The conflict in the Middle East spells higher inflation. The OECD now expects global inflation to accelerate from 3.4% in 2025 to 4.0% this year, an increase of 1.2% from the December forecast. Emerging economies, including India and China, face materially higher inflation as does Europe and the US. The UK, with a heavy reliance on imported gas, has seen the largest upgrade to its inflation forecast among industrialised economies. The OECD now expects UK inflation to average 4.0% this year, up from just 2.5% in December.
The energy shock has wrecked market hopes for interest rate cuts this year. Financial markets are now pricing in roughly 75bp of rate rises in the UK and the euro area by December.
Economists are less convinced of the need for, and the likelihood of, big interest rate rises this year. Against a backdrop of sluggish growth and rising unemployment many economists think higher energy prices will have only a transient effect on prices, with inflation falling back sharply in 2027.

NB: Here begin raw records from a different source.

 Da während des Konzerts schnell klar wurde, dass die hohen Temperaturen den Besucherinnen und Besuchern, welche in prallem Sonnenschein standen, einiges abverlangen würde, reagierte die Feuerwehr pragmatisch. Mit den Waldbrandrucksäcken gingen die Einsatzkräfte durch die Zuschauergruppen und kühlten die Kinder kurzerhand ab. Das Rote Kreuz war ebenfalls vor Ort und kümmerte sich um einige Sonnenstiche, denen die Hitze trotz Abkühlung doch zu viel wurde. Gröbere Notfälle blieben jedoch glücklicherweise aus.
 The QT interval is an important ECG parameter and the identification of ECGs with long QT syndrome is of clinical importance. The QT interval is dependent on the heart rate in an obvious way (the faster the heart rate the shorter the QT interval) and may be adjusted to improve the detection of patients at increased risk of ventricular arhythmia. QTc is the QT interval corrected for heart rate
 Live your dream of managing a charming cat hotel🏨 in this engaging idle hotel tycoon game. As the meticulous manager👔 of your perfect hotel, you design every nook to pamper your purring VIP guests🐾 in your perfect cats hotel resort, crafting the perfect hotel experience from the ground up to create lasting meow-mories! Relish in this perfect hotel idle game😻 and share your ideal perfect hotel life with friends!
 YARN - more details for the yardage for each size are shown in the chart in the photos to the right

The OECD also thinks the jolt to inflation will be short-lived. It does not expect higher energy prices to feed back into wages and other prices in the way that was seen after the 2022 energy shock. Indeed, the OECD thinks energy prices will have vanishingly little impact on underlying, or core inflation. This leads the OECD to the view that the global headline inflation rate will drop from 4.0% this year to 2.7% in 2027, only marginally above the 2.5% rate forecast in December.

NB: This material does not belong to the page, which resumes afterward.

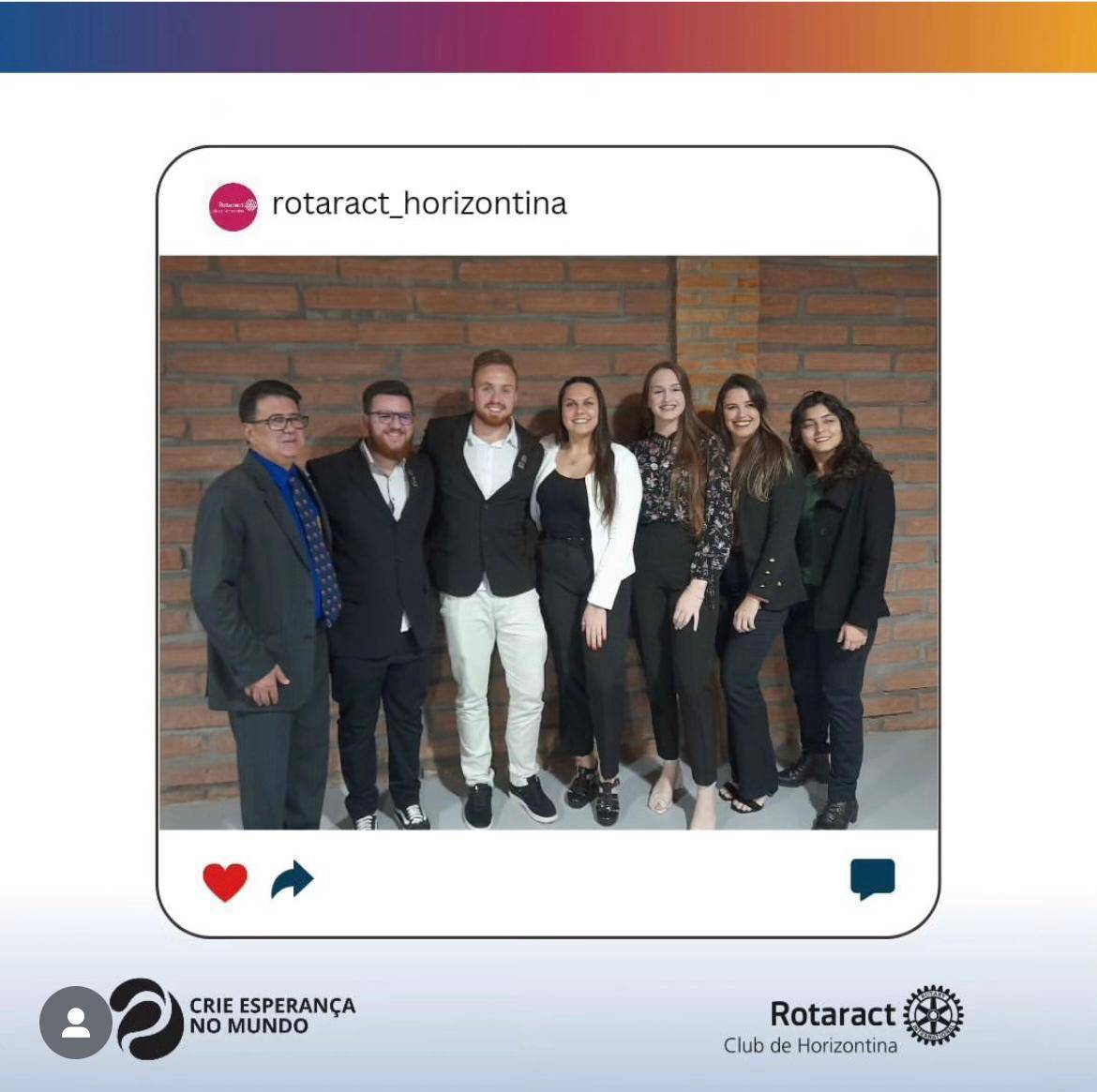O Rotaract Club de Horizontina, deseja sucesso ao novo conselho diretor do Rotary Horizontina, e se compromete a juntos desenvolver uma gestão com muita união entre a família rotária, para que assim possamos criar mais esperança no mundo!
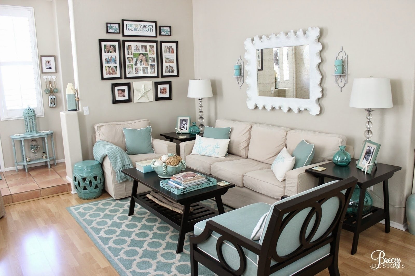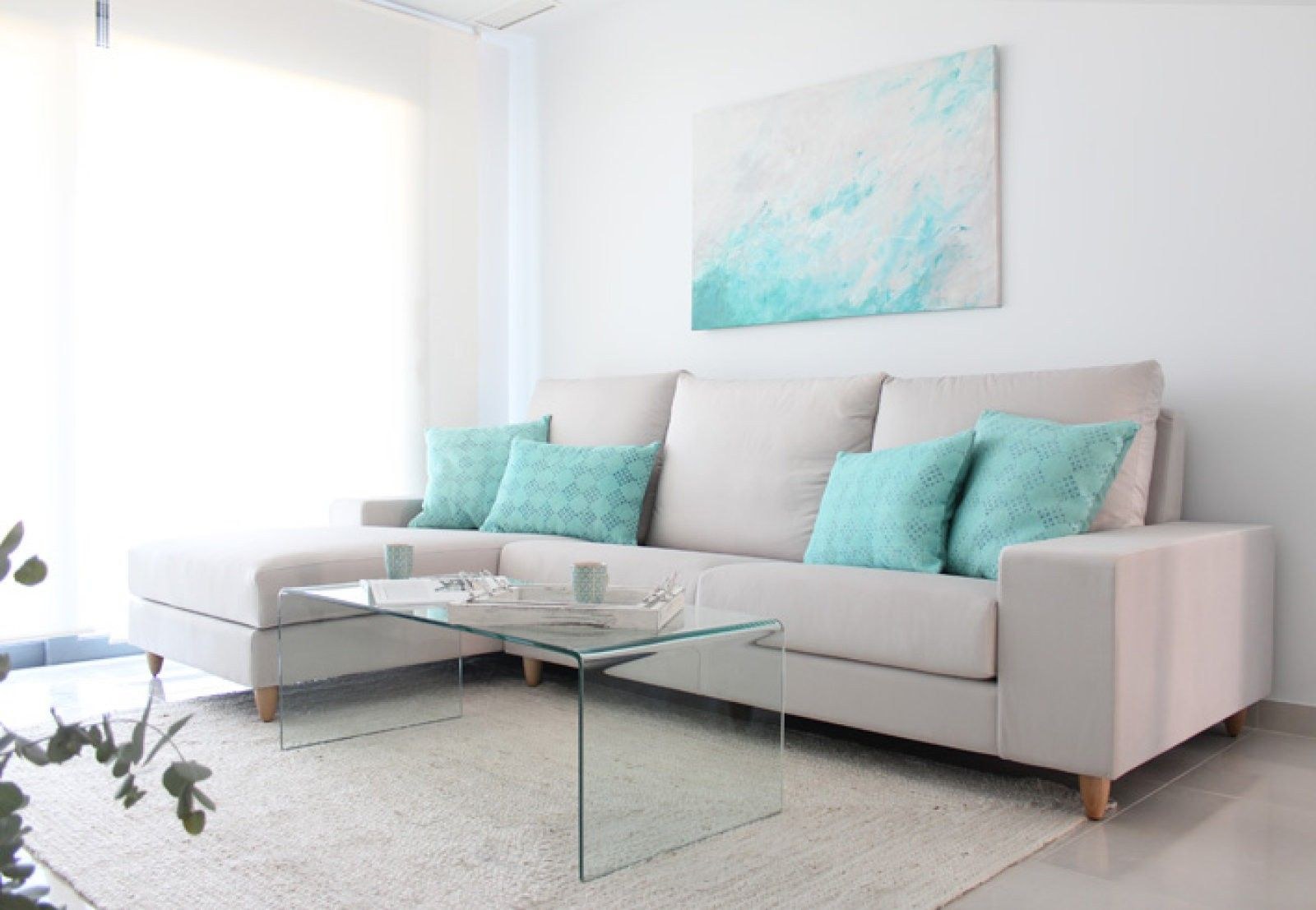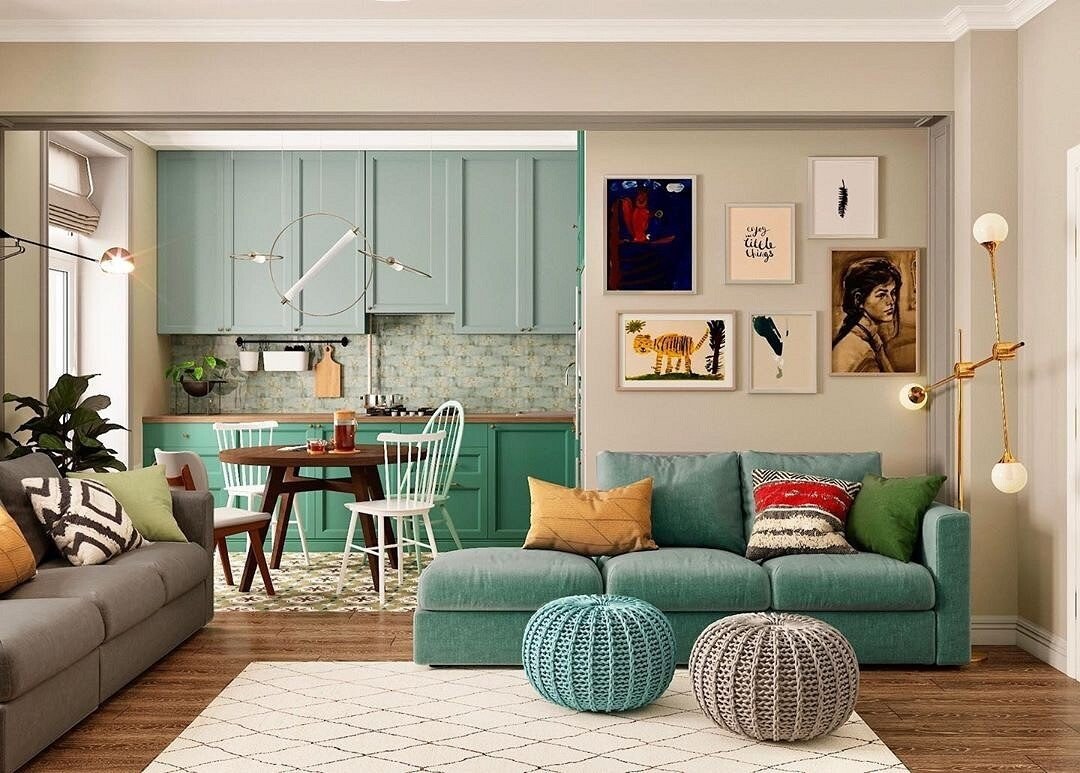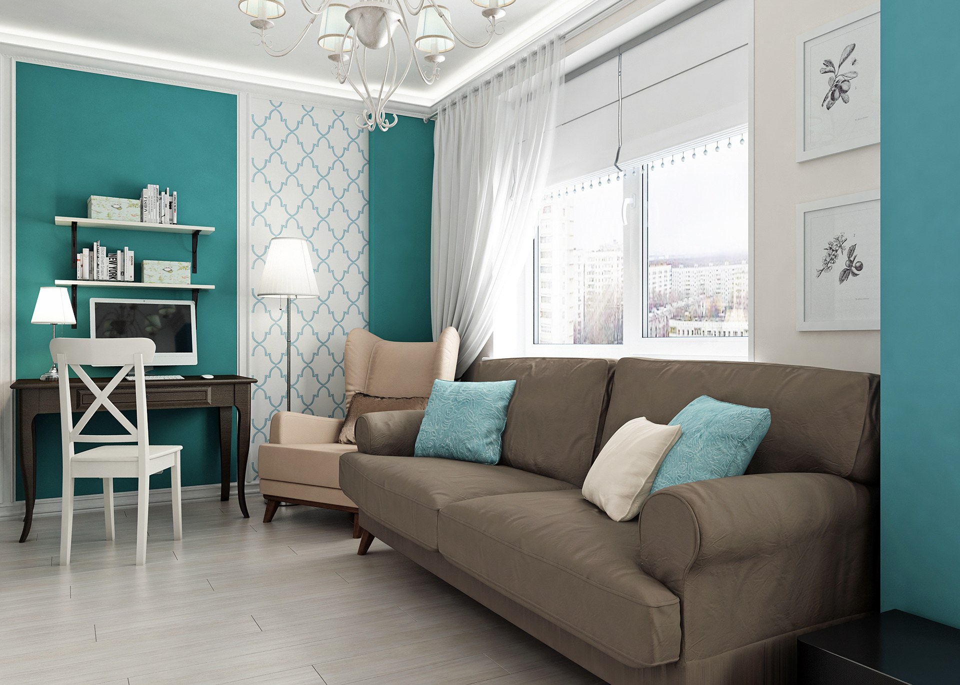 Бирюза в интерьере гостиной

A sceptic would point out that this sort of optimistic thinking led central banks to badly underestimate the inflationary effect of 2022’s energy price shock. I think that comparison is flawed. The world was in a different place in 2022. A post-pandemic explosion in demand was meeting constrained global supply; labour markets were running red hot and home-grown inflation was surging.
If the OECD is right and inflation fades next year, the world should be able to get by with only a short-term knock to growth.
This sanguine view comes with a huge caveat. The OECD forecasts assume that energy prices will decline from the middle of this year. If they don’t, things could be much worse. We know from history that energy shocks have, time and again, been harbingers of slowdowns or worse. More fundamentally, forecasting amid the sort of wild swings in news flow we are seeing every day can only, at best, give a point in time view. No one can have a high degree of conviction about the future without a view on how the conflict ends. And that is no less clear today than it was four weeks ago.